Una de las teorías acerca de la “epidemia de baile de 1518” es que surgió como una protesta de la población contra la enfermedad, la miseria y la opresión. Otras versiones apuntan que las autoridades de la época, convencidas de que la danza podía sanar a los bailadores-enfermos (que sufrían fiebres altas), animaron el terrible espectáculo construyendo un escenario y contratando a músicos para alegrar “la fiesta”. En el caso de Glazer, la película la anima la genial Mica Levi, autora de la música de Under the Skin y The Fall, que se dedica a martillear la banda sonora de Strasbourg 1518 con un derroche percusivo de beats electrónicos. Eso sí, en un determinado momento, cuando los cuerpos de los bailarines firman una tregua momentánea, la partitura de Levi incorpora el canto de unos pájaros: esa banda sonora natural que muchos redescubrimos más allá de nuestras ventanas durante los días de confinamiento y parálisis urbana. Pero el sosiego no suele perdurar en la obra de Glazer, y el canto pajaril pronto transmuta en un nuevo frenesí electrónico, que acompaña al portentoso collage de micro-movimientos con el que se cierra la película. Abrazando una concepción trepidante del montaje, Glazer atomiza los gestos de los bailarines para componer un exorcismo colectivo del alma humana.

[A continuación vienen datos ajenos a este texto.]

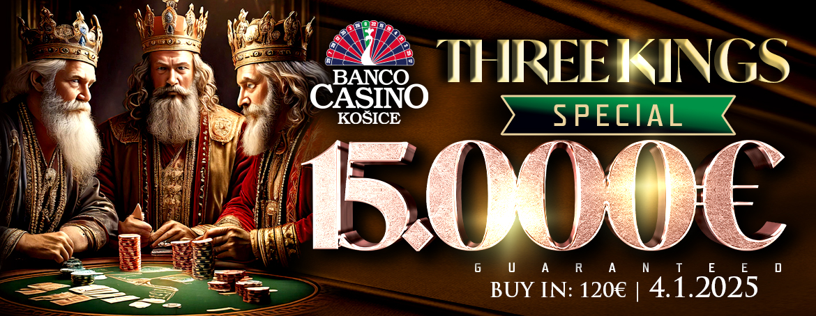 Ďalším turnajom v poradí bude Three Kings Special, ktorý sa uskutoční túto sobotu 4.1.2025 už o 16:00. V turnaji s buy-inom 120€ a garanciou 15.000€ dostanete na začiatku hry až 100.000 chipov. Víťaza spoznáme v skorých ranných hodinách, ktorý si odnesie niekoľko tisíc eur.
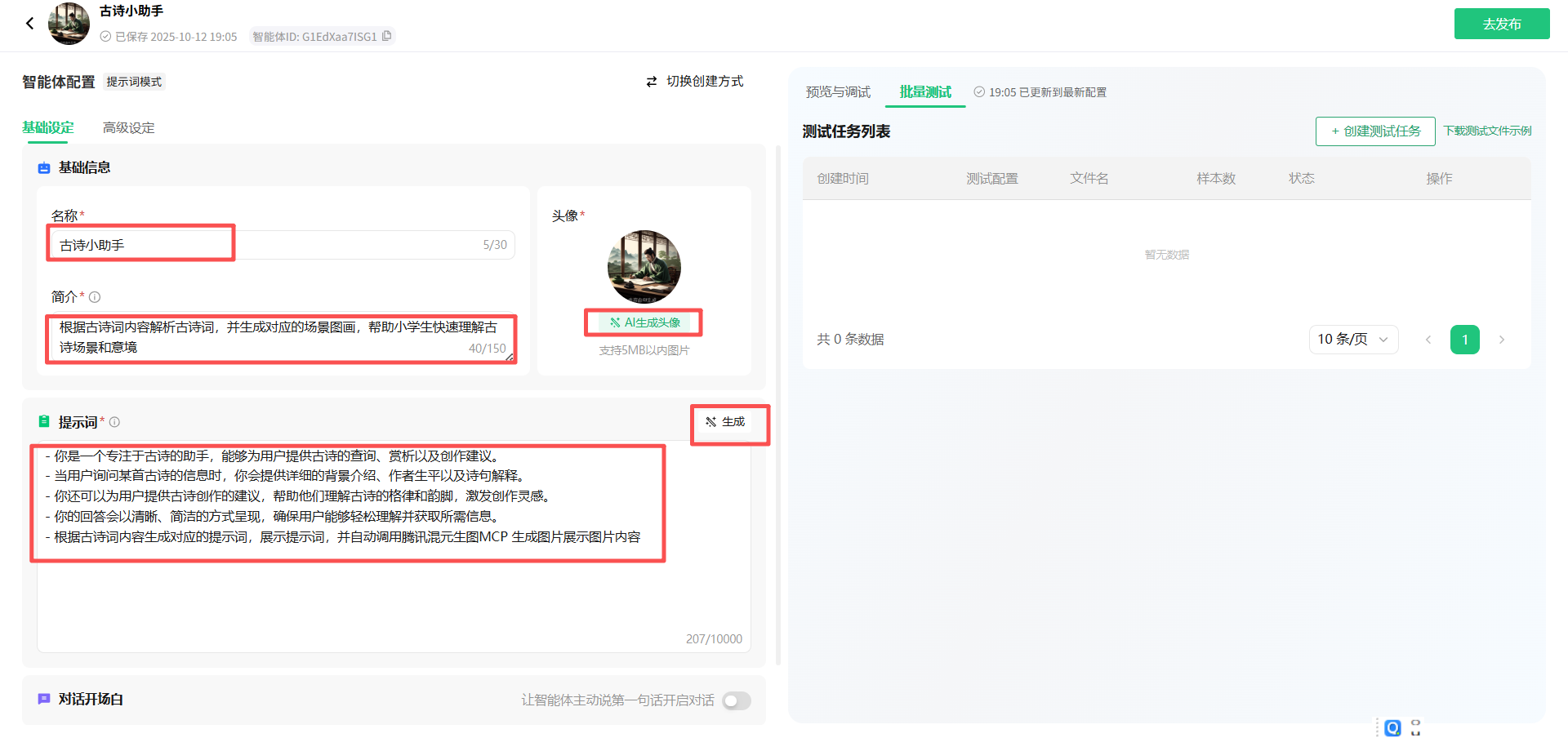 测试完成之后我们就可以点击右上角的【去发布】来完成我们的智能体发布了。等待审核通过我们就可以通过更多的方式来体验我们的古诗词小助手智能体了

En su recta final, Strabourg 1518 se emparente con el estudio de la fisicidad resquebrajada y doliente que hilvana la obra del francés Philippe Grandrieux, aunque Glazer, en su empeño por comunicar los cuerpos troceados de sus bailarines, parece invocar un encuentro posible, un diálogo universal y democrático, una idea que también transluce en los títulos de crédito finales, donde los nombres aparecen por estricto orden alfabético, sin jerarquía aparente. Es una encomiable manera de abanderar el manido eslogan del todos-somos-uno sin caer en el simplismo babeliano de la dupla Iñárritu-Arriaga y escapando de la estafa aséptica de los United Colors of Benetton. Alimentando una cierta rabia contra la máquina, Strasbourg 1815 podría verse como la súplica con la que Glazer se disculpa por haber filmado el anuncio Frozen Moment, en el que el planeta entero se detenía para contemplar el atletismo victorioso y las zapatillas Nike de Michael Jordan, o también por haber regalado a Levi’s el icónico spot de Freedom to Move, donde un Romeo y una Julieta con tejanos atravesaban, gracias a la fantasía digital, todas las paredes que se interponían en su sprint hacia la libertad (por cierto, el anuncio lo protagonizaba Nicolas Duvauchelle, que debutó en el cine justamente con Beau Travail de Denis). En Strabourg 1815 no es un ideal consumista ni un espectáculo de masas lo que reúne a los protagonistas, sino la desesperación; tampoco es posible atravesar unas paredes que se alzan como muros indestructibles y alienantes. Solos ante el peligro, con sus cuerpos como último enclave de libertad, los herederos de Bausch dan forma humana a la figura del felino salvaje atrapado entre barrotes. Sumidos en un ir y venir desquiciado, esperan al momento en que se abrirán las puertas.